Giving them anything other than a string should be considered an error – in the code that calls them – and there's no guarantee what happens when that happens.

I don't consider this a bug – if anything I'm rather unhappy with valid_ipv6(None) returning False.

Thanks @jstasiak for the thoughts.
I understand that interface documented, but as you know python does not enforce types and returning False for unexpected types could make sense to me.

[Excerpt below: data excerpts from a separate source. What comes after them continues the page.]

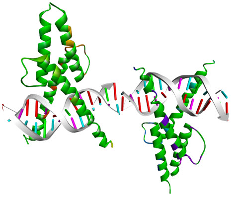 Figure 7.Schematicrepresentation of c-Fos/c-Jun heterodimer complexed with DNA (PDB 1FOS)
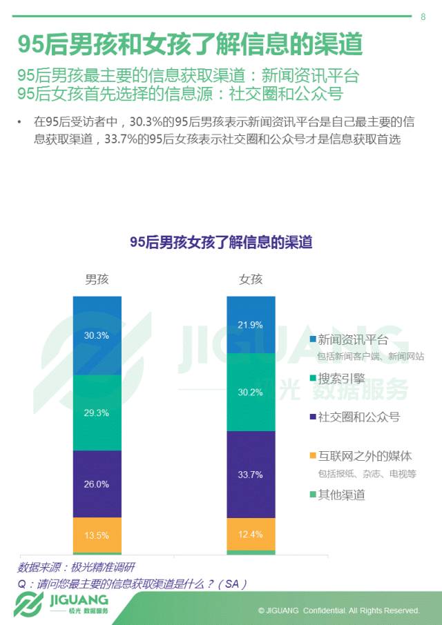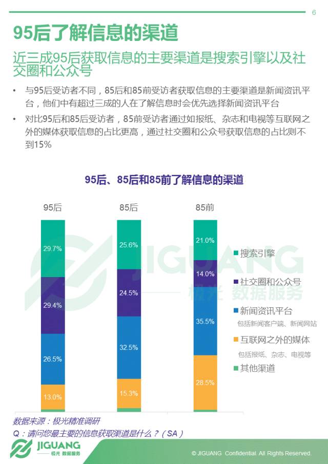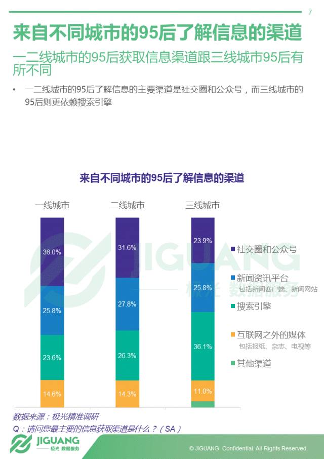 - 一二线城市95后依靠社交圈和公众号获取信息,三线城市95后则主要靠搜索引擎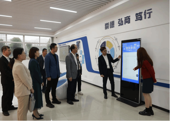 會后,方俊良一行來到現(xiàn)代商貿(mào)學院一樓實訓(xùn)大廳,參觀指導(dǎo)現(xiàn)代商貿(mào)學院數(shù)字貿(mào)易雙創(chuàng)實訓(xùn)中心的基本建設(shè)情況。從LED電子大屏,到現(xiàn)代商貿(mào)學院的文化IP打造、少數(shù)民族學生布吉的創(chuàng)業(yè)夢工坊等數(shù)字化商貿(mào)元素的呈現(xiàn),方俊良書記對現(xiàn)代商貿(mào)學院的快速發(fā)展表示了肯定并指出學院師生一年來用心用情將學院建設(shè)成為一個環(huán)境優(yōu)美精致、書香滿園、學科專業(yè)特色鮮明、建設(shè)成效突出的學院。
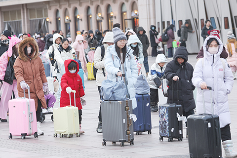 廣州「電競+文旅」打造潮流文旅新體驗 北京大風寒潮發力 廣東已建低空起降點超三千五百個 去年民用無人機產量超六百九十萬架 湘古法紅糖香飄六百年 鄉村振興釀出新「蜜」業 台灣17歲少年掃射茶行25槍 警方懷疑有人教唆 台建築師團隊助閩佘村煥新顏 北京大風寒潮發力 2026-02-07 03:30:00 ◎ 二月六日,受寒潮天氣影響,北京最高氣溫跌至冰點以下。圖為從北京站出站的旅客匆匆趕路。(中新社記者 賈天勇 攝)

If this is not a desired behavior then I'm wondering if it should raise an explicit exception like TypeError, instead of raising the internal exception.

I understand that interface documented, but as you know python does not enforce types (...)

That depends on what do we mean by "enforce types".

Runtime enforcement? It very much does in many cases. One can't add a str to an int (not easily), one can't index a list with another list etc. 99 cases out of 100 as a user of an API I want an exception instead of a result if I provide a bad type somewhere.

Lint-time enforcement (static type checking)? I'd argue using Mypy or similar is table stakes these days. The library doesn't publish type definitions yet but that's planned.

If this is not a desired behavior then I'm wondering if it should raise an explicit exception like TypeError, instead of raising the internal exception.

Maybe, although here's why I'm against it:

  • An explicit exception is likely to encourage the client code to keep providing bad types and catch that exception, while the client code shouldn't be providing bad types in the first place.
  • I plan to add static types to the library which can eliminate this issue before the code can even be executed (as long as the client code uses Mypy or similar).

I'm not strongly opposed to raising TypeError for the time being at least, if you create a PR I'll merge it.

What I meant by type enforcement is runtime one at interface level. It may be reasonable to get exception in case an unacceptable type is given, but if an exception is directly raised from an internal logic, it requires some effort to dig into the logic and find out at which point, at which layer they made mistake.

In the mean time, until type annotation is added, #371 may help people aware of the situation.

That's fair, we're on the same page.